Solving Kaliprasad's Challenge: Finding x Mod p

[johng1]

A recent challenge problem by Kaliprasad was: x=2*4*6...*(p-1) and y=1*3*5...*(p-2); find x-y mod p. I first thought of Wilson's theorem: for any prime p, (p-1)! is -1 mod p. So I then thought about the exact values of x and y mod p. By writing the factors of x in reverse order, one gets x is congruent to $(-1)^{(p-1)/2}y$. So for p a prime congruent to 1 mod 4, x is y mod p, and so $x^2=xy\equiv-1$; i.e. $x=\sqrt{-1}$. Good luck with finding x. However for p congruent to 3 mod 4, $x^2\equiv1$ and so x is 1 or -1. Now my question is: for what primes p with p=4k+3 is x congruent to 1? Experimentally, I found for the first 2,117 primes that are 3 mod 4, there are 1033 of these that have x=1. But I could find no pattern.

 

[jvicens]

I find your approach to be very interesting and creative. Using Wilson's theorem and manipulating the factors of x to find its congruence with y is a clever way to approach the problem. Your observation about x being congruent to y for primes congruent to 1 mod 4 is also intriguing.

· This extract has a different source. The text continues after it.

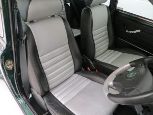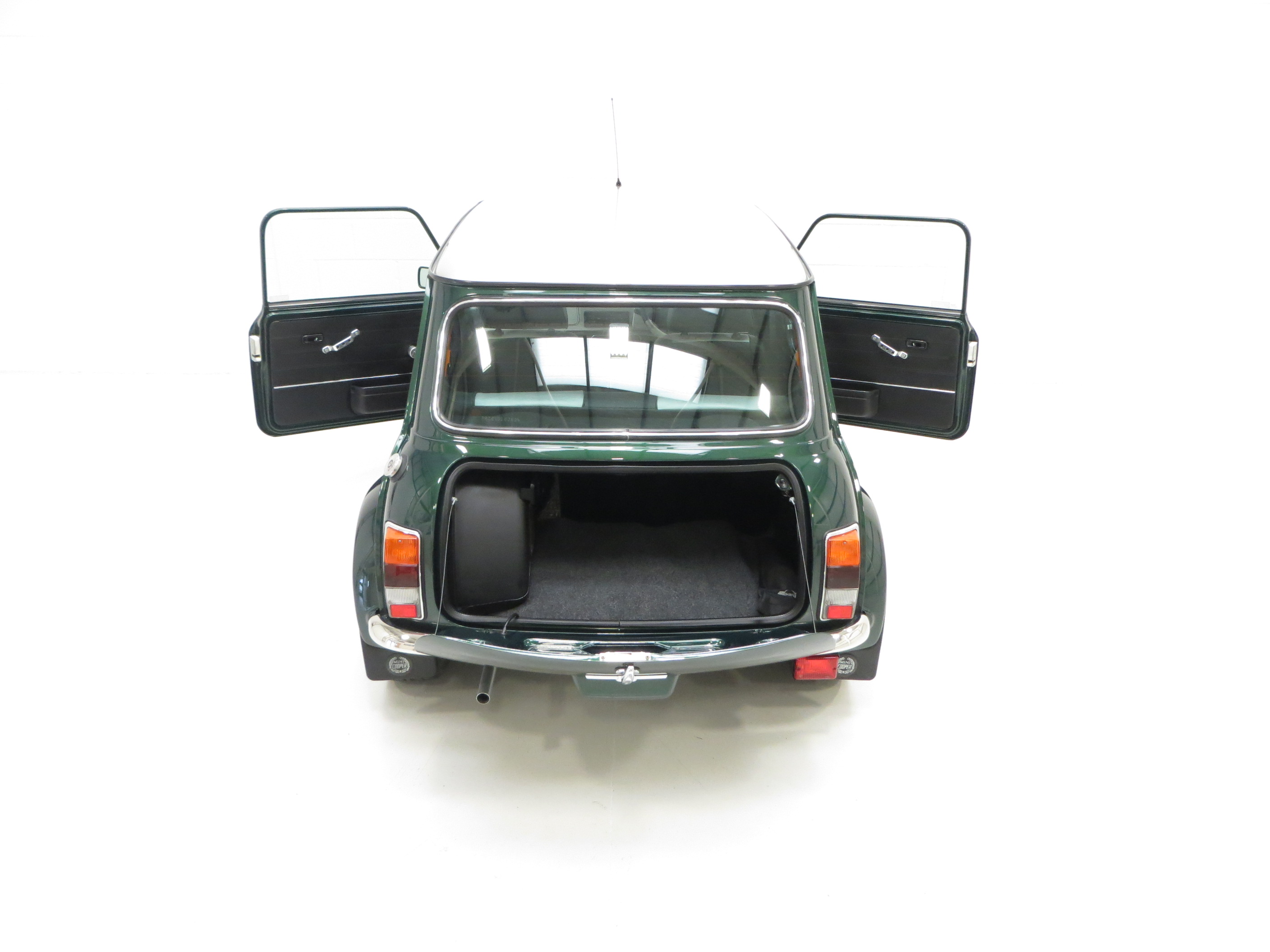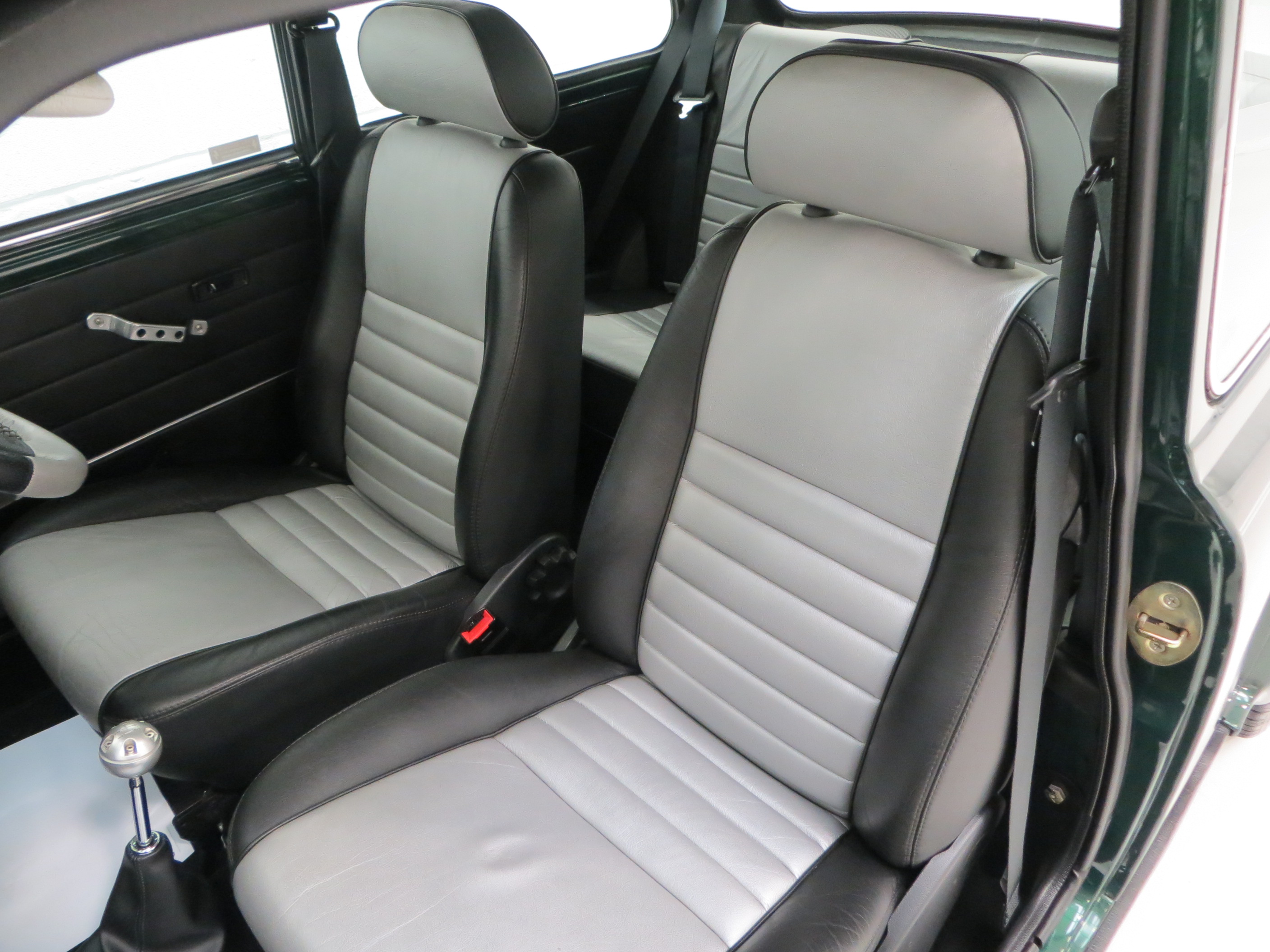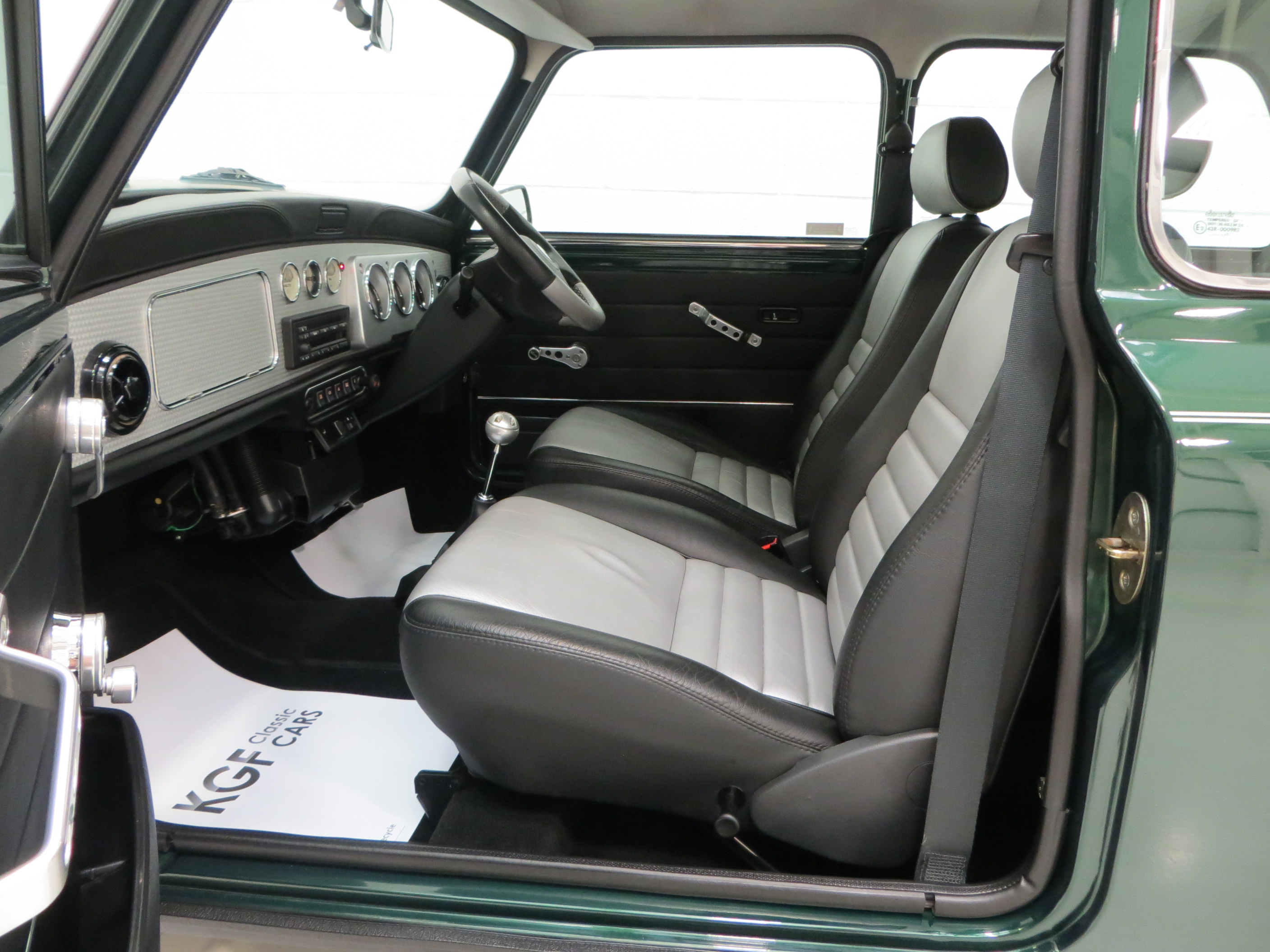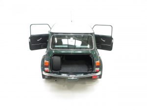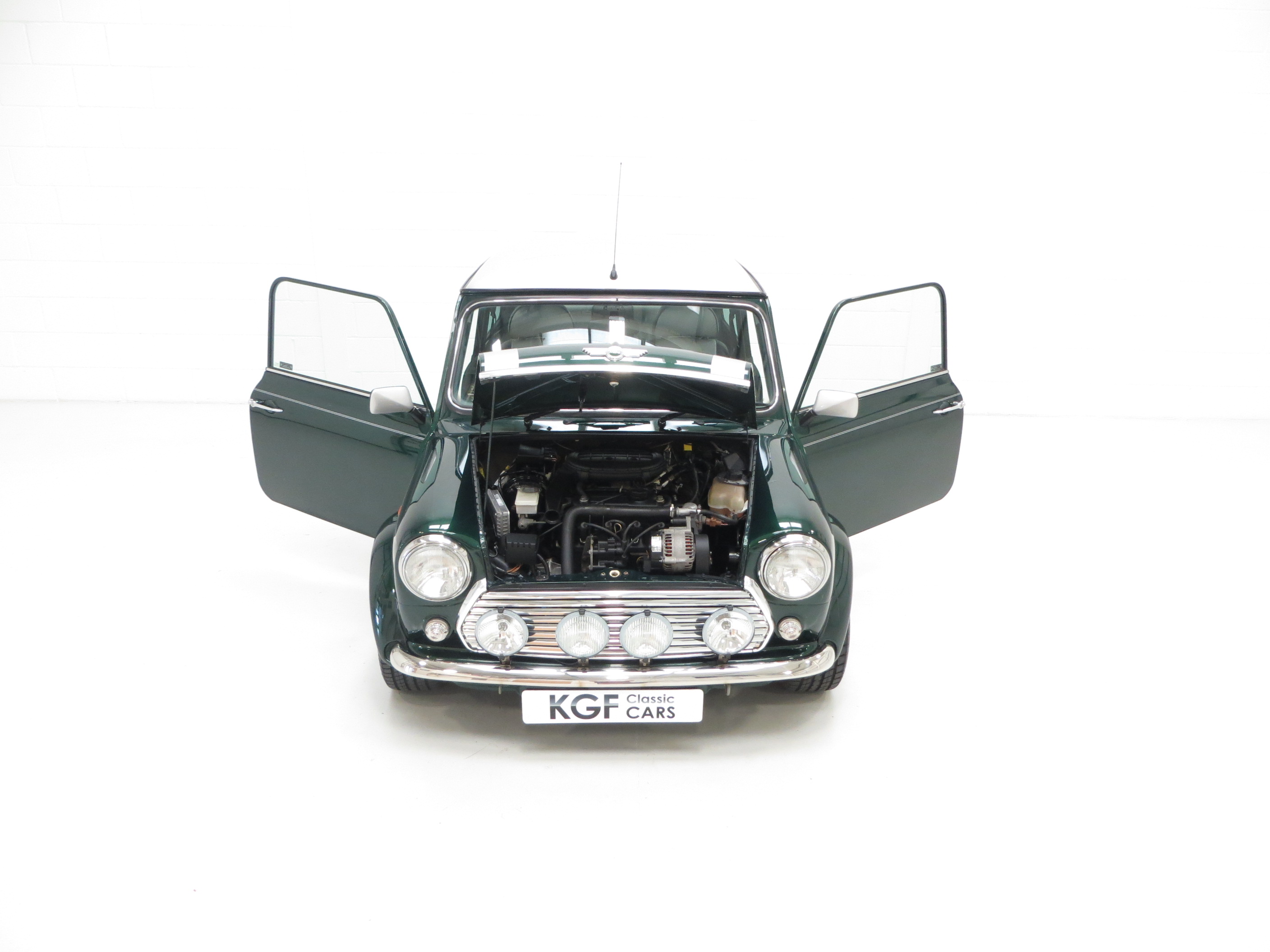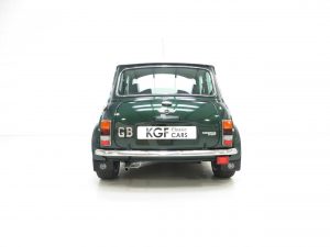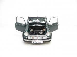 This historically important Mini was made at the end of the line and is finished in British Racing Green, (Code WNS) with a contrasting Platinum Silver roof, (Code MNX). The paintwork boasts a beautiful glossy shine with a silky smooth and uniform finish which warrants the low miles covered. The purposeful Sport Pack, unmarked decals and bright chrome work complement the polished paint to create an outstanding appearance. The front bumper has a tiny mark along with the bonnet which does not detract from the show winning credentials. Factory stickers to the front and side glass remain and the correct Quadoptic halogen lights, driving lamps and front fogs are fitted. At the rear the proud GB, Sport chrome badges and dealer supplied number plate are present. Stunning.

In terms of finding a pattern for primes where x is congruent to 1, I would suggest exploring different mathematical techniques such as number theory or modular arithmetic. It is possible that there is a mathematical relationship or pattern that can explain why x is congruent to 1 for certain primes congruent to 3 mod 4.

Additionally, I would also suggest looking at larger sets of primes to see if the pattern you observed holds true. Sometimes, patterns may not be apparent when looking at a small sample size, but become more evident when looking at a larger set of data.

Overall, your approach to solving this challenge problem shows a strong understanding of mathematical concepts and a creative problem-solving mindset. I hope you are able to find a satisfying explanation for the pattern you observed. Good luck!